Concept

Sociocultural anthropology

Summary
Sociocultural anthropology is a term used to refer to social anthropology and cultural anthropology together. It is one of the four main branches of anthropology. Sociocultural anthropologists focus on the study of society and culture, while often interested in cultural diversity and universalism. Sociocultural anthropologists recognise a change in the nature of the field and that a previous focus on traditional tribal perspectives has shifted to a contemporary understanding. Methodologies have altered accordingly, and the discipline continues to evolve with that of society. Globalisation has contributed to the changing influence of the state on individuals and their interactions. The rubric cultural anthropology is generally applied to ethnographic works that are holistic in approach, are oriented to the ways in which culture affects individual experience, or aim to provide a rounded view of the knowledge, customs, and institutions of a people. Cultural anthropology focuses on how individuals make sense of the world around them using knowledge, beliefs, morals, arts, laws and customs of groups.
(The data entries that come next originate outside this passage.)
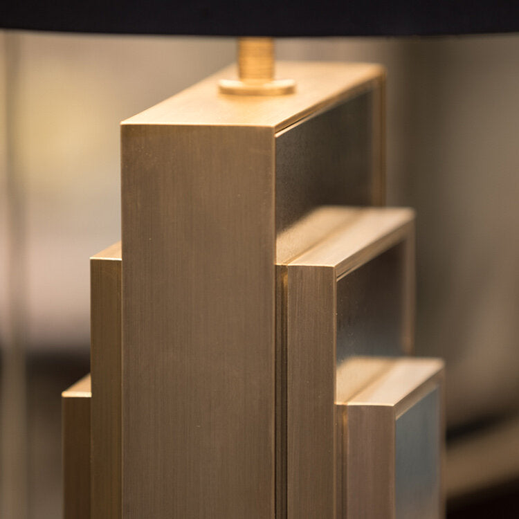 Inspired by the Art Deco era, the Gatsby Table Lamp combines Bianco Nero antique mirror with stepped antique brass detailing, offering a striking modern interpretation of this statement Deco design.
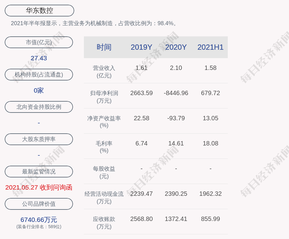 2021年半年报显示,华东数控的主营业务为机械制造,占营收比例为:98.4%。
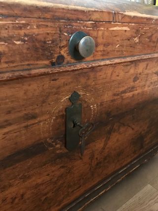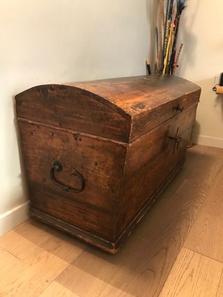 Este baúl de madera antigua es una pieza de ebanistería alemana. - Material: Madera. - Origen: Alemania. - Diseño: Baúl con tapa curva y herrajes metálicos. - cerradura funcionando con llave - libre de carcoma - ancho 122 cm , alto 75 cm y profundo 60 cm
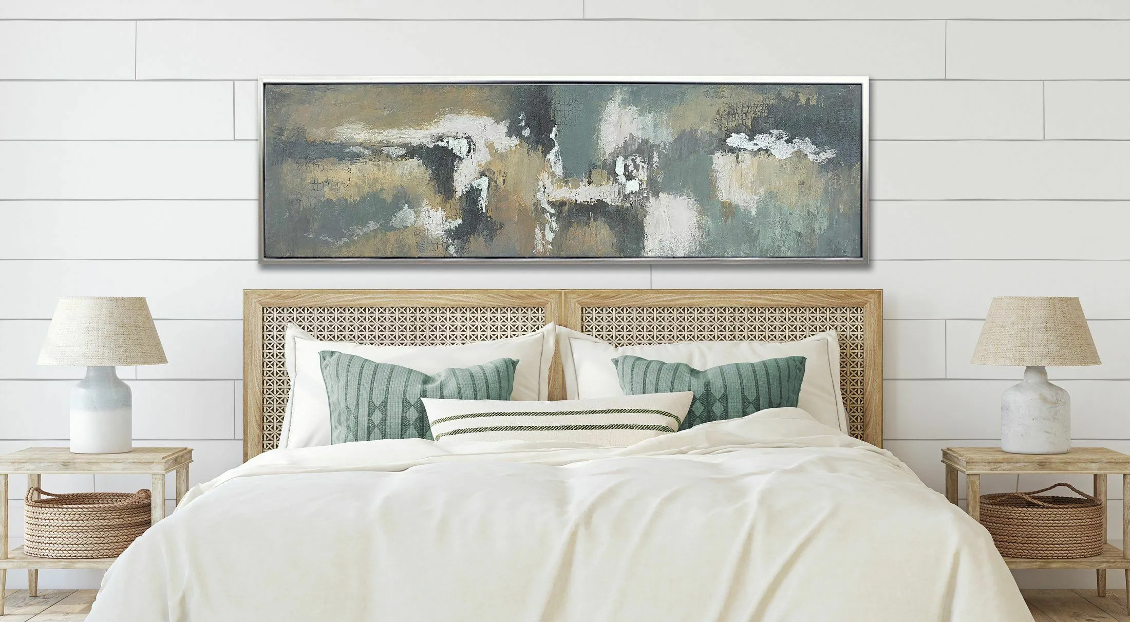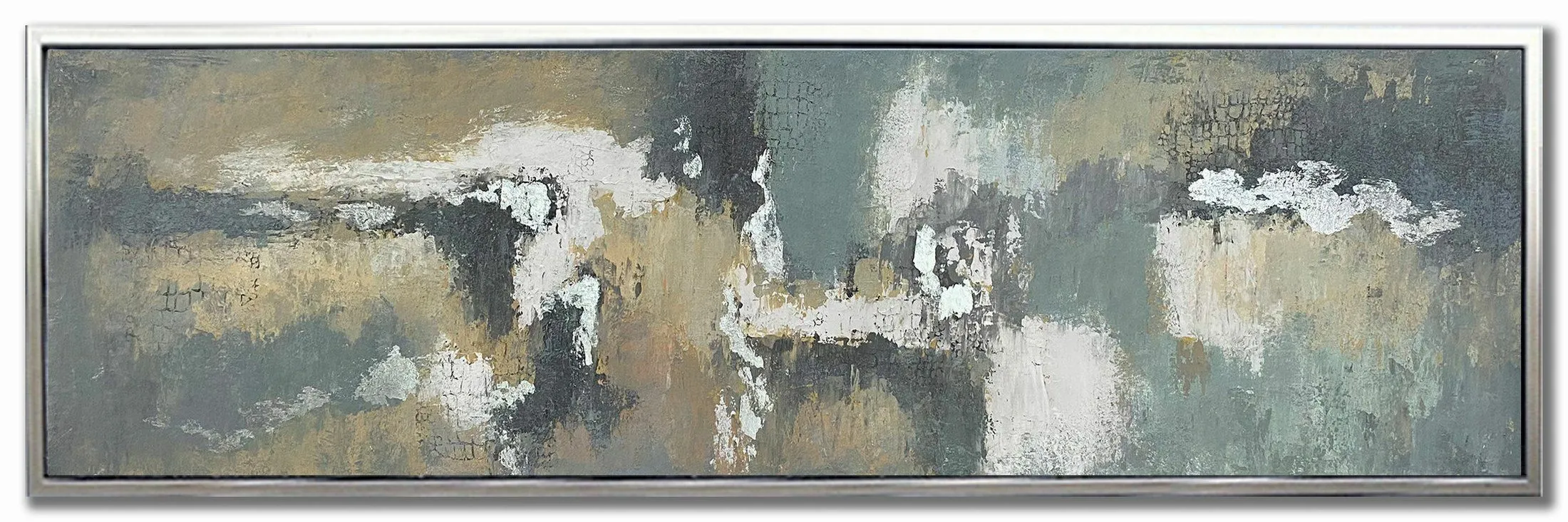 Oil painting with texture on gallery wrapped canvas in a silver floating frame

Social anthropology is a term applied to ethnographic works that attempt to isolate a particular system of social relations such as those that comprise domestic life, economy, law, politics, or religion, give analytical priority to the organizational bases of social life, and attend to cultural phenomena as somewhat secondary to the main issues of social scientific inquiry. Sociocultural anthropology, which is understood to include linguistic anthropology, is concerned with the problem of difference and similarity within and between human populations. The discipline arose through the expansion of European colonial empires, and its practices and theories have been questioned and reformulated along with processes of decolonization. Such issues have re-emerged as transnational processes have challenged the centrality of the nation-state to theorizations about culture and power.